Exercise directions —
Every entry, start to finish, should be printed verbatim without pictures.

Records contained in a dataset
* * *
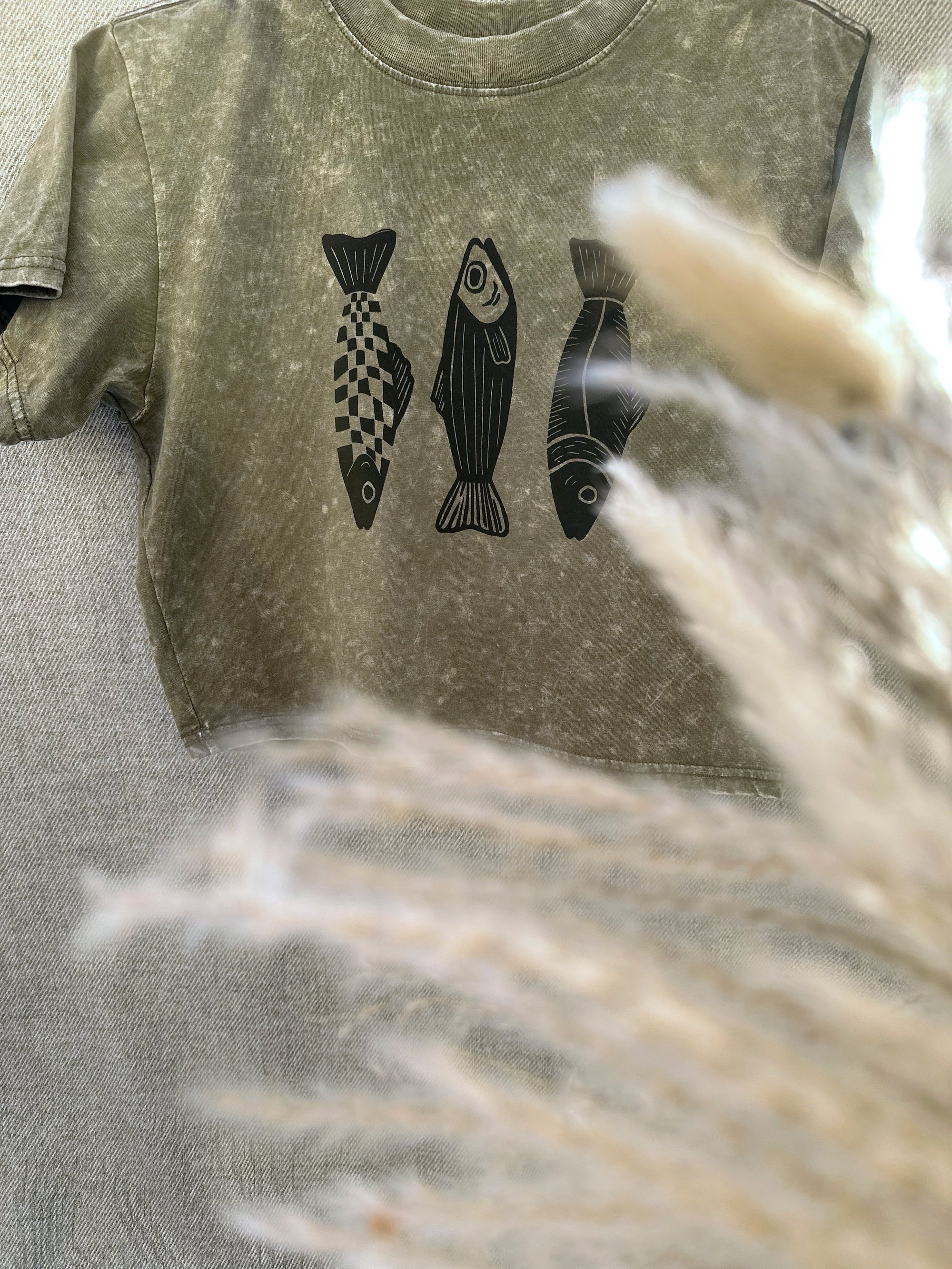 Fish 3 - Kézzel nyomott crop shirt / Handprinted /
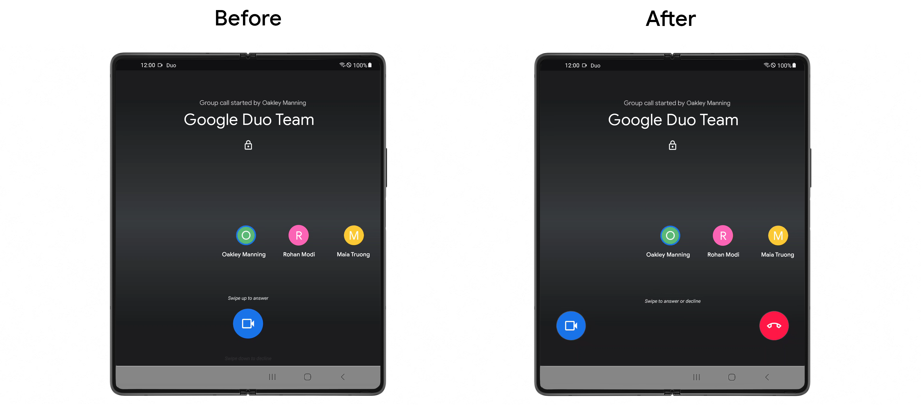 After this, the team thought about user interactions with Duo across all screen sizes. While swiping to answer a call works really well on a phone, the development team learned through testing that this didn’t work as well on a tablet or foldable. Some Duo users were unintentionally answering phone calls and having to hang up quickly. The team optimized the larger screen experience by implementing buttons on tablets, and dual sliding pucks on foldables.The team was closely monitoring behavior changes as part of this UI improvement, and saw a decrease in unintentional brief calls on these devices, as well as an increase in call time on these devices. This UI tweak enabled Duo’s users to have a more seamless calling experience.
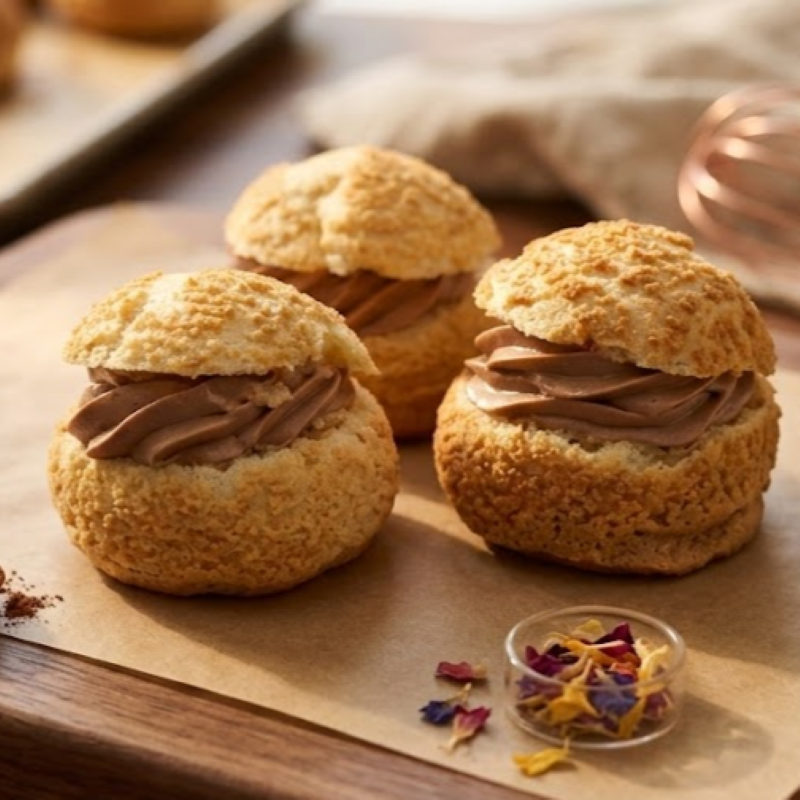 ◎成份:開元調理專用乳(水、乳粉、棕櫚油、牛乳、乳清粉、乳化劑(脂肪酸甘油酯)、磷酸氫二鈉、鹿角菜膠)、長春(紫)打發專用脂(水、油脂(氫化棕櫚核仁油、無水奶油)、蔗糖、乳化劑(脂肪酸甘油酯、乳酸硬脂酸鈉、聚山梨醇酐脂肪酸酯六十)、粘稠劑(羥丙基甲基纖維素、海藻酸鈉)、磷酸氫二鈉(無水)、粘稠劑(乾酪素鈉)、香料、β-胡蘿蔔素(阿拉伯膠、葵花油、麥芽糊精、蔗糖、水、β-胡蘿蔔素、抗氧化劑(L-抗壞血酸棕櫚酸酯、維生素E)))、菠蘿泡芙外殼(水、雞蛋、麵粉、奶油[棕櫚油脂、水、鹽、複方乳化劑(脂肪酸甘油酯、脂肪酸聚合甘油酯、葵花籽卵磷脂)、香料、檸檬酸、食用色素(婀娜多色素、薑黃色素)、抗氧化劑(混合濃縮生育醇)]、糖、泡打粉[膨脹劑(碳酸氫鈉)、品質改良劑(酸性焦磷酸鈉)、馬鈴薯粉、樹薯粉]、乾酪素鈉、羧甲基纖維素鈉、抗氧化劑(異抗壞血酸鈉)、防腐劑(己二烯酸鉀)、蛋白粉、膨脹劑(酒石酸氫鉀)、麥芽糊精、大豆分離蛋白)、卡士達粉B(糖粉、羥丙基磷酸二澱粉、全脂奶粉、奶精(玉米糖漿、氫化椰子油、乳清粉、磷酸氫二鉀、乾酪素鈉、二氧化矽、脂肪酸甘油酯、多磷酸鉀、乳酸硬脂酸鈉、香料、色素(婀娜多、薑黃色素))、硫酸鈣、鹽、海藻酸鈉、鹿角菜膠、香草粉、焦磷酸鈉、胡蘿蔔素)、梵麗時73%黑巧克力 Sensation72(可可膏、糖、可可脂、大豆卵磷脂、天然香草香料)。
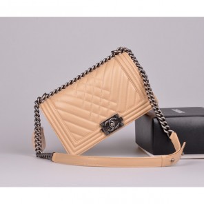 2014 Chanel Boy Flap Shoulder Bag in Original Sheepskin Leather A90191 Apricot
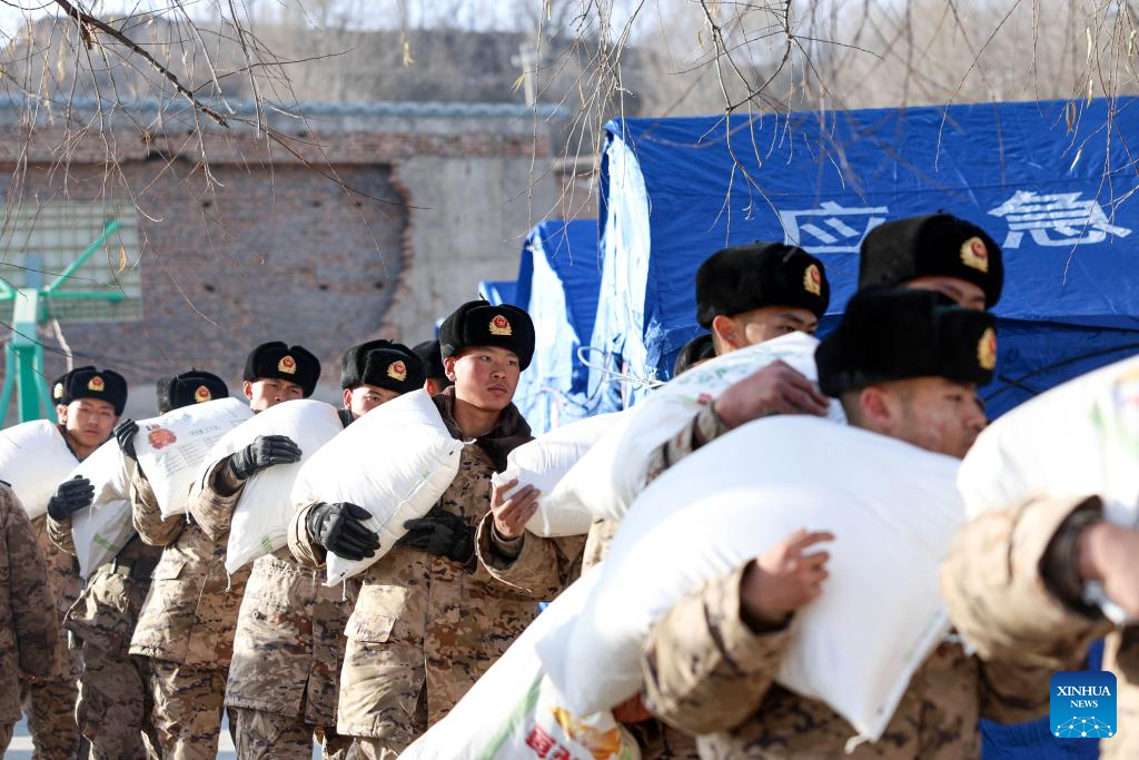 Members of the Chinese People's Armed Police Force help to carry bags of flour for quake-affected people in Liuji Township, Jishishan County, northwest China's Gansu Province, Dec. 21, 2023. The Chinese People's Liberation Army (PLA) and the People's Armed Police Force (PAPF) have deployed multiple rescue forces to quake-hit areas in response to a 6.2-magnitude earthquake that jolted northwest China's Gansu Province late Monday. (Photo by Hou Chonghui/Xinhua)
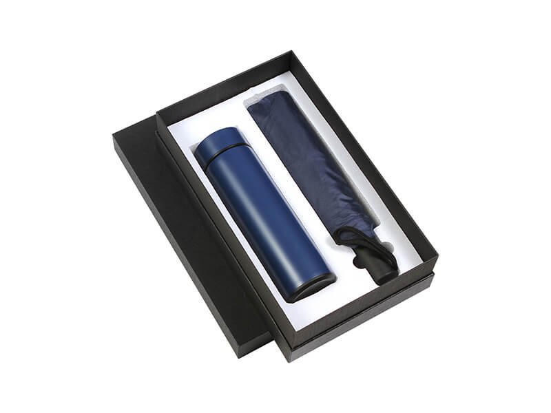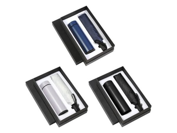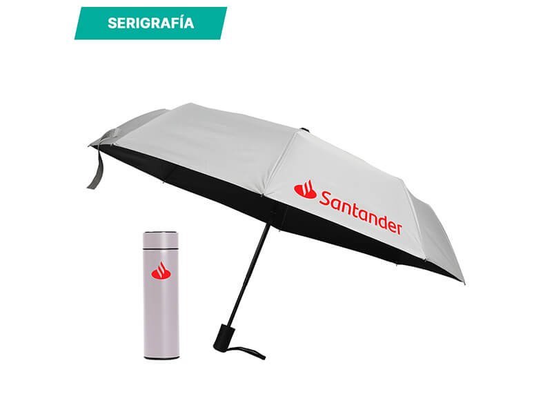 Medidas: Paraguas: 28×6 cm (cerrado), 54×84 cm (abierto); Termo: 6.5×23 cm.
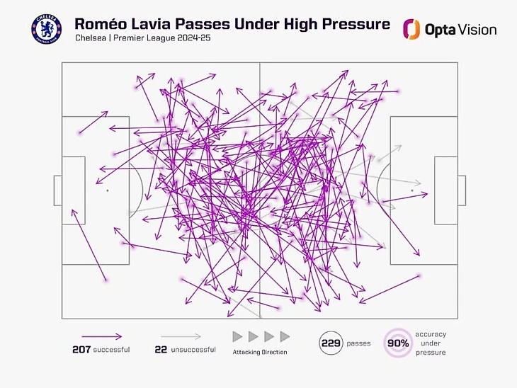 Уникальность Лавиа - в редком сочетании качеств, заставляющих специалистов видеть в нём будущего лидера опорной зоны. С одной стороны, он демонстрирует впечатляющую физическую мощь - его показатель успешности в наземных единоборствах (57.1%) в сезоне 2022/23 вывел его в топ-8 центральных полузащитников АПЛ. С другой - обладает неожиданной для игрока его амплуа технической оснащённостью, о чём говорит лучший в «Челси» процент успешных дриблингов (66.7%) среди игроков с достаточным игровым временем.
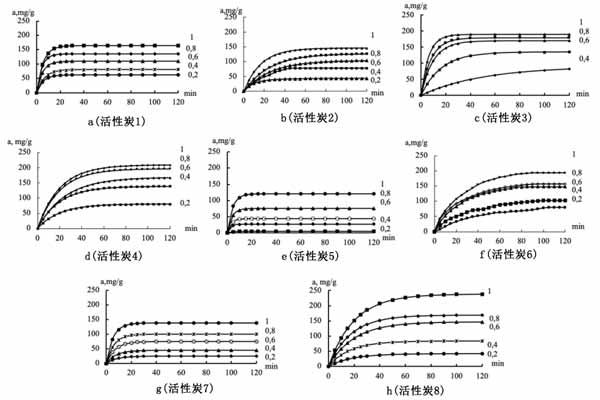 彩运cy888 图1:使用过的活性炭样品在20℃时对来自VMA的正丁醇蒸气的吸附动力学。
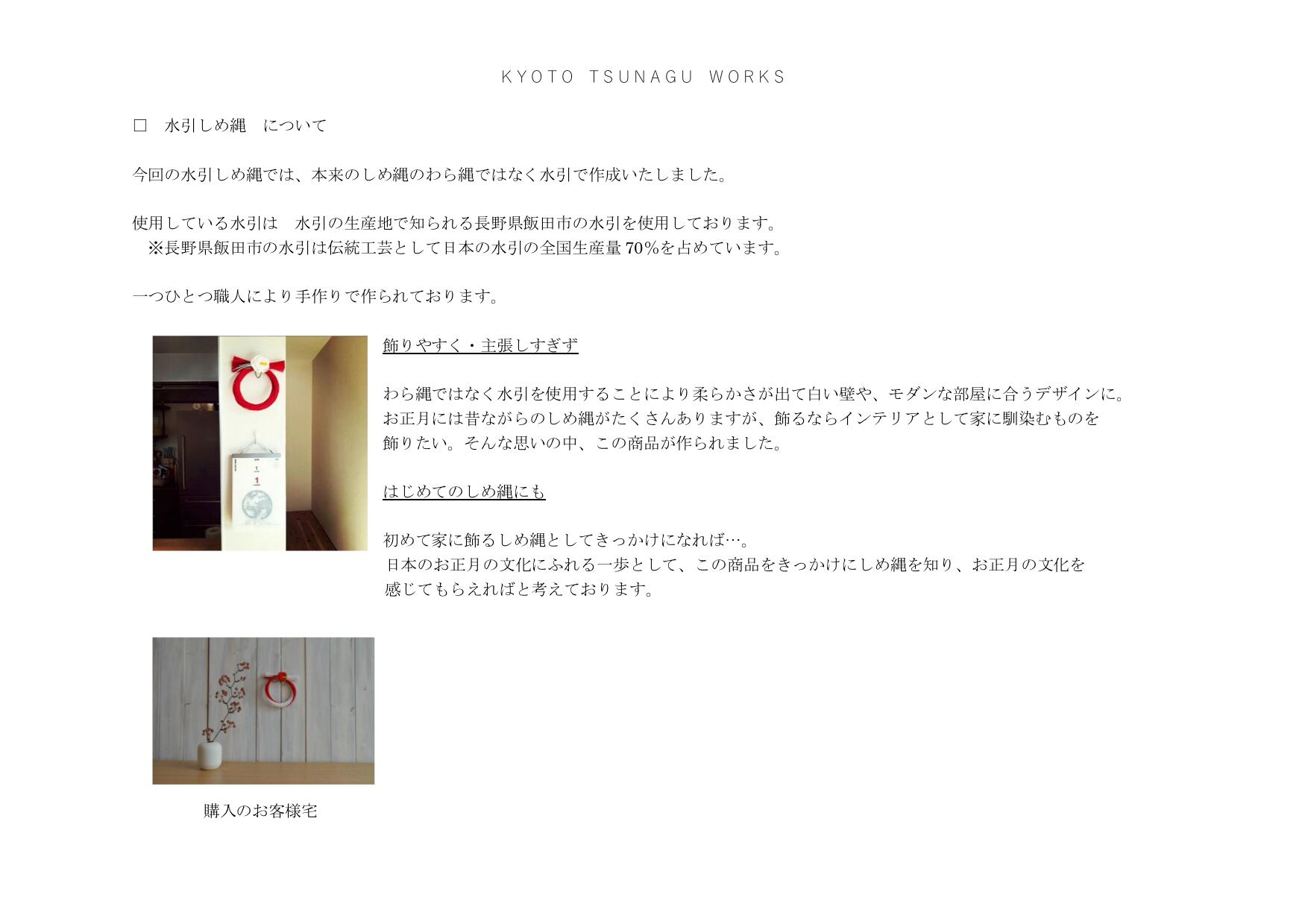 神事用品製造の川崎商店と水引職人が作った、水引しめ縄は、お正月用品としてはもちろん、その後も、お飾りの部分を外して、インテリアとしても楽しめるよう工夫されてプランニング。
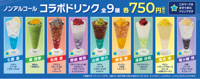 コラボドリンクは、「劇場版 Free!-the Final Stroke-」のキャラクター「七瀬遙」「橘真琴」「松岡凛」「桐嶋郁弥」「山崎宗介」「椎名旭」「遠野日和」「葉月渚」「竜ケ崎怜」をイメージした全9種をご用意します。
* * *
Answer to this task —
 Fish 3 - Kézzel nyomott crop shirt / Handprinted /
 After this, the team thought about user interactions with Duo across all screen sizes. While swiping to answer a call works really well on a phone, the development team learned through testing that this didn’t work as well on a tablet or foldable. Some Duo users were unintentionally answering phone calls and having to hang up quickly. The team optimized the larger screen experience by implementing buttons on tablets, and dual sliding pucks on foldables.The team was closely monitoring behavior changes as part of this UI improvement, and saw a decrease in unintentional brief calls on these devices, as well as an increase in call time on these devices. This UI tweak enabled Duo’s users to have a more seamless calling experience.
 ◎成份:開元調理專用乳(水、乳粉、棕櫚油、牛乳、乳清粉、乳化劑(脂肪酸甘油酯)、磷酸氫二鈉、鹿角菜膠)、長春(紫)打發專用脂(水、油脂(氫化棕櫚核仁油、無水奶油)、蔗糖、乳化劑(脂肪酸甘油酯、乳酸硬脂酸鈉、聚山梨醇酐脂肪酸酯六十)、粘稠劑(羥丙基甲基纖維素、海藻酸鈉)、磷酸氫二鈉(無水)、粘稠劑(乾酪素鈉)、香料、β-胡蘿蔔素(阿拉伯膠、葵花油、麥芽糊精、蔗糖、水、β-胡蘿蔔素、抗氧化劑(L-抗壞血酸棕櫚酸酯、維生素E)))、菠蘿泡芙外殼(水、雞蛋、麵粉、奶油[棕櫚油脂、水、鹽、複方乳化劑(脂肪酸甘油酯、脂肪酸聚合甘油酯、葵花籽卵磷脂)、香料、檸檬酸、食用色素(婀娜多色素、薑黃色素)、抗氧化劑(混合濃縮生育醇)]、糖、泡打粉[膨脹劑(碳酸氫鈉)、品質改良劑(酸性焦磷酸鈉)、馬鈴薯粉、樹薯粉]、乾酪素鈉、羧甲基纖維素鈉、抗氧化劑(異抗壞血酸鈉)、防腐劑(己二烯酸鉀)、蛋白粉、膨脹劑(酒石酸氫鉀)、麥芽糊精、大豆分離蛋白)、卡士達粉B(糖粉、羥丙基磷酸二澱粉、全脂奶粉、奶精(玉米糖漿、氫化椰子油、乳清粉、磷酸氫二鉀、乾酪素鈉、二氧化矽、脂肪酸甘油酯、多磷酸鉀、乳酸硬脂酸鈉、香料、色素(婀娜多、薑黃色素))、硫酸鈣、鹽、海藻酸鈉、鹿角菜膠、香草粉、焦磷酸鈉、胡蘿蔔素)、梵麗時73%黑巧克力 Sensation72(可可膏、糖、可可脂、大豆卵磷脂、天然香草香料)。
 2014 Chanel Boy Flap Shoulder Bag in Original Sheepskin Leather A90191 Apricot
 Members of the Chinese People's Armed Police Force help to carry bags of flour for quake-affected people in Liuji Township, Jishishan County, northwest China's Gansu Province, Dec. 21, 2023. The Chinese People's Liberation Army (PLA) and the People's Armed Police Force (PAPF) have deployed multiple rescue forces to quake-hit areas in response to a 6.2-magnitude earthquake that jolted northwest China's Gansu Province late Monday. (Photo by Hou Chonghui/Xinhua)
 Medidas: Paraguas: 28×6 cm (cerrado), 54×84 cm (abierto); Termo: 6.5×23 cm.
 Уникальность Лавиа - в редком сочетании качеств, заставляющих специалистов видеть в нём будущего лидера опорной зоны. С одной стороны, он демонстрирует впечатляющую физическую мощь - его показатель успешности в наземных единоборствах (57.1%) в сезоне 2022/23 вывел его в топ-8 центральных полузащитников АПЛ. С другой - обладает неожиданной для игрока его амплуа технической оснащённостью, о чём говорит лучший в «Челси» процент успешных дриблингов (66.7%) среди игроков с достаточным игровым временем.
 彩运cy888 图1:使用过的活性炭样品在20℃时对来自VMA的正丁醇蒸气的吸附动力学。
 神事用品製造の川崎商店と水引職人が作った、水引しめ縄は、お正月用品としてはもちろん、その後も、お飾りの部分を外して、インテリアとしても楽しめるよう工夫されてプランニング。
 コラボドリンクは、「劇場版 Free!-the Final Stroke-」のキャラクター「七瀬遙」「橘真琴」「松岡凛」「桐嶋郁弥」「山崎宗介」「椎名旭」「遠野日和」「葉月渚」「竜ケ崎怜」をイメージした全9種をご用意します。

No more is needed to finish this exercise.